SAYA pernah punya pengalaman tak menyenangkan di kantor kelurahan. Di wilayah kecamatan Cipayung, di Jakarta Timur. Saat itu saya sedang membuat e-KTP.
Saya diambil foto oleh petugas yang menunjukkan sikap tidak ramah, tidak senyum dan kata-katanya bernada memerintah. Membentak. Ketus. Memang wilayah tempat saya tinggal dekat dengan rumah jendral-jendral dan para pensiunan petinggi militer. Lama-lama saya tidak tahan.
“Maaf, bapak tentara ? ” tanya saya kepada yang memerintah saya supaya begini begitu saat pengambilan foto pada saya.
“Bukan, ” jawabnya
“Apa kelurahan ini dalam juridiksi militer? ” tanya saya lagi.
Dia menggeleng. Bingung dengan pertanyaan ‘aneh’ itu.
Saya sendiri bingung apa arti kata-kata saya itu – asal mangap saja.
Yang saya ingat, saat itu saya mulai emosi.
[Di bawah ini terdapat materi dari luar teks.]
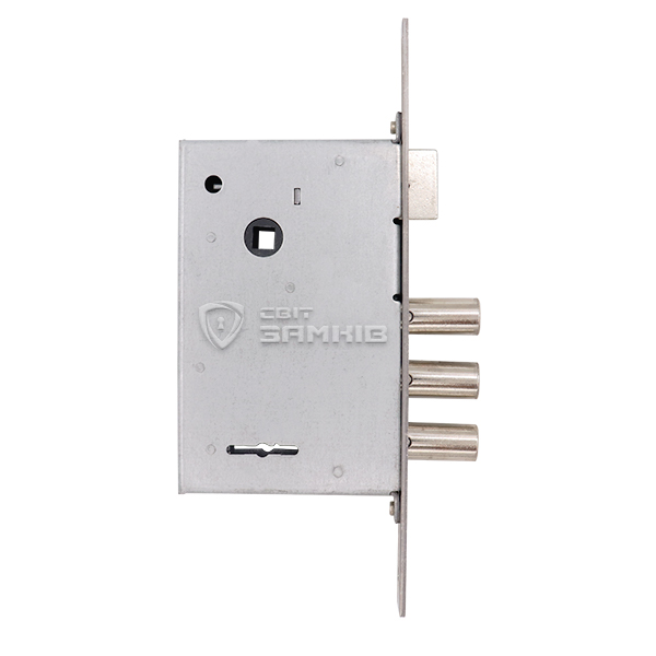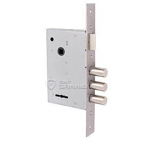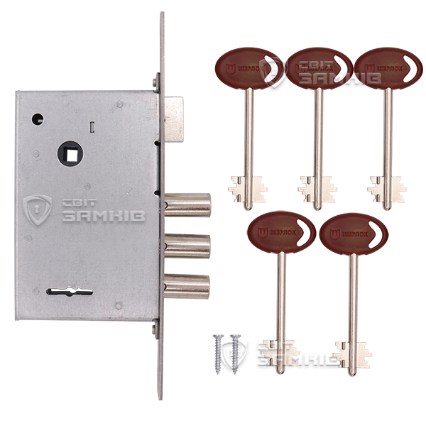 Закривання здійснюється 3-ма ригелями зі сталі діаметром 13,8 мм. Вони надійно фіксують двері, забезпечуючи достатній рівень безпеки. Язичок реверсивний, тому замок можна встановити як і на ліві, так і на праві двері. В даній версії в комплектації 5 ключів.

Dan saya langsung tekan gas. “Jangan bergaya tentara di institusi sipil. Rakyat seusia saya trauma dengan militerisme Orde Baru,” kata saya dengan lekat menatap wajahnya. Saya sudah siap ribut.
Untungnya dia diam dan menunduk. Repot juga kalau dia balas emosi dengan tidak memproses e-KTP saya.
Sungguh itu bukan karangan. Yang ingin saya keluhkan adalah masih kurangya “watak melayani” dari para staf kelurahan, honorer atau ASN di ibukota.
Sebagian oknum kelurahan masih bergaya juragan, merasa dibutuhkan. Apalagi menghadapi warga yang kelihatan awam dan penurut. Judes, jutek. Main bentak.
Karena itu, pelatihan bagi ASN dan honorer hendaknya fokus pada pelayanan, sikap sabar dan teliti. Bukan uji mental masuk got berisi air kotor. Menyiksa.
Karena tak ada hubungannya dengan membentuk sikap ramah tamah pada masyarakat. Yang ada, tenaga kontrak takut pada koordinator yang bikin kontrak dan menindas pada warga. Balas dendam.
Sekitar setahun setelah KTP jadi saya kembali ke kelurahan itu. Dompet saya ilang – kecopetan. Saya perlu KTP pengganti. Saya mendapat pelayanan sangat cepat, ramah dan efisien.
Oknum memang hanya sedikit. Tapi sering mewakili citra lembaga. Dan itu yang harus terus diubah. – (dimas).